Would someone check my thinking please.
A solid sphere (mass, r, and moment of inertia given) is rotating at a given angular speed. Friction is constantly applied at the 'equator' of the sphere, and brings it to rest in 3s.
Find the force. I worked out the torque, and then rearranged: T=rxF to give the force. Will i be right if the maths is ok?
Then, if the same force is applied (same conditions) half way between equator and pole, will it take longer or shorter to stop?
Thanks.
yes on the first.
On the second, the torque needed is the same, however, it will need a larger force to make that same torque.
Thanks for that.
So it would take longer to stop then?
Yes, your approach is correct. To find the force applied, you need to calculate the torque first and then rearrange the torque formula to solve for the force. The torque (T) acting on the sphere can be calculated as the product of the moment of inertia (I) and the angular acceleration (α).
T = I * α
In this case, the sphere is being brought to rest, so the angular acceleration can be found by dividing the final angular speed (ω_f = 0) by the time taken (t = 3s).
α = ω_f / t = 0 / 3 = 0 rad/s^2
Since the sphere is rotating about its equator, the torque is constant throughout the process.

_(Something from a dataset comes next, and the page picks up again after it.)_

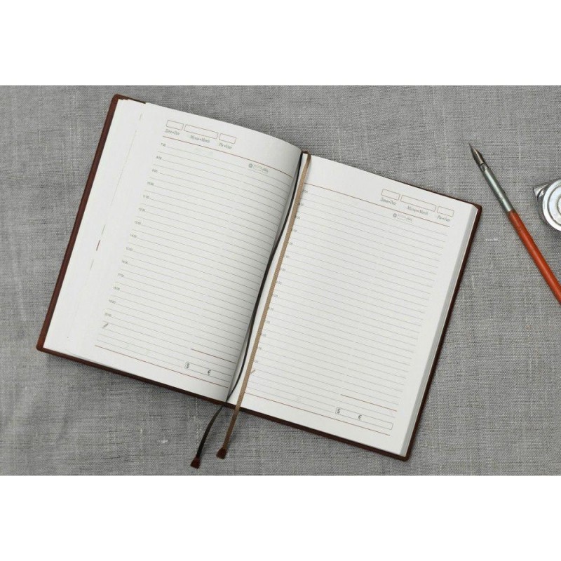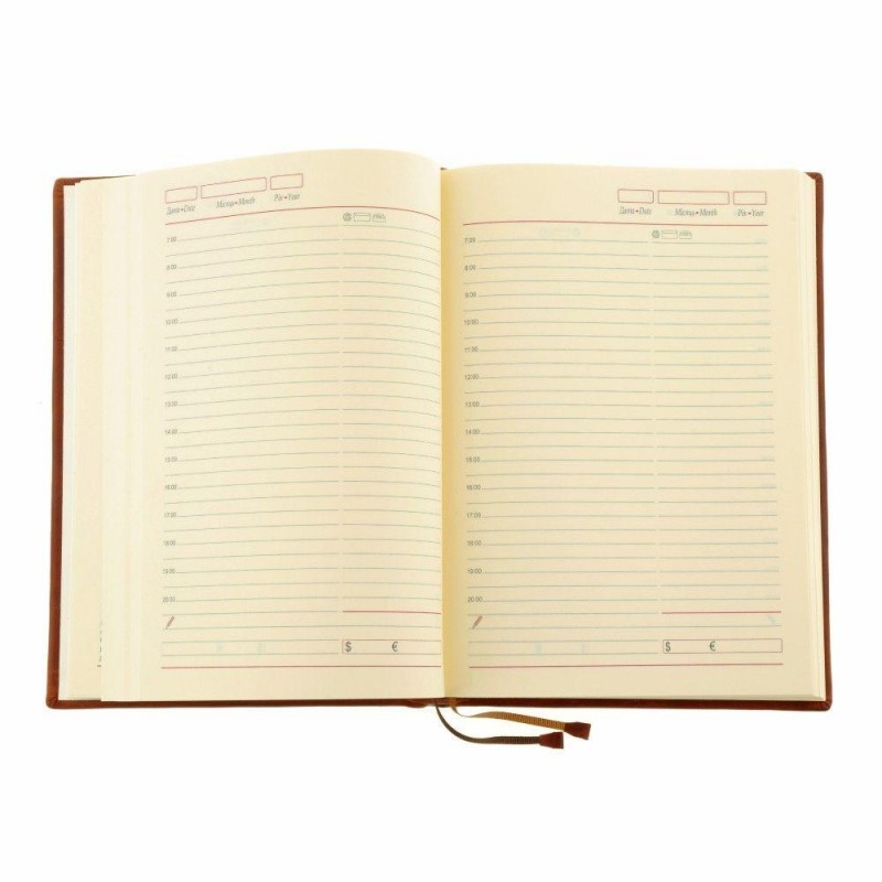 Внутри: фабричный блок, отпечатанный на кремовой бумаге. Ежедневник удобен тем, что начинать записи в нем можно с любого дня, так как блок не датированный.

Therefore, the torque (T) can also be written as the product of the applied force (F) and the radius of the sphere (r).
T = r * F
Now, equating the two torque equations, we get:
I * α = r * F
Simplifying the equation, we can solve for the force F:
F = (I * α) / r
So, your approach of rearranging the torque formula to solve for the force is correct.
Regarding the second part of your question, if the same force is applied halfway between the equator and the pole, it will take longer to bring the sphere to rest. This is because the sphere has a larger moment of inertia about the axis passing through the equator compared to the axis passing through the pole. Therefore, the angular acceleration will be smaller, resulting in a longer time to stop the rotation.
I hope this explanation helps! Let me know if there's anything else I can assist you with.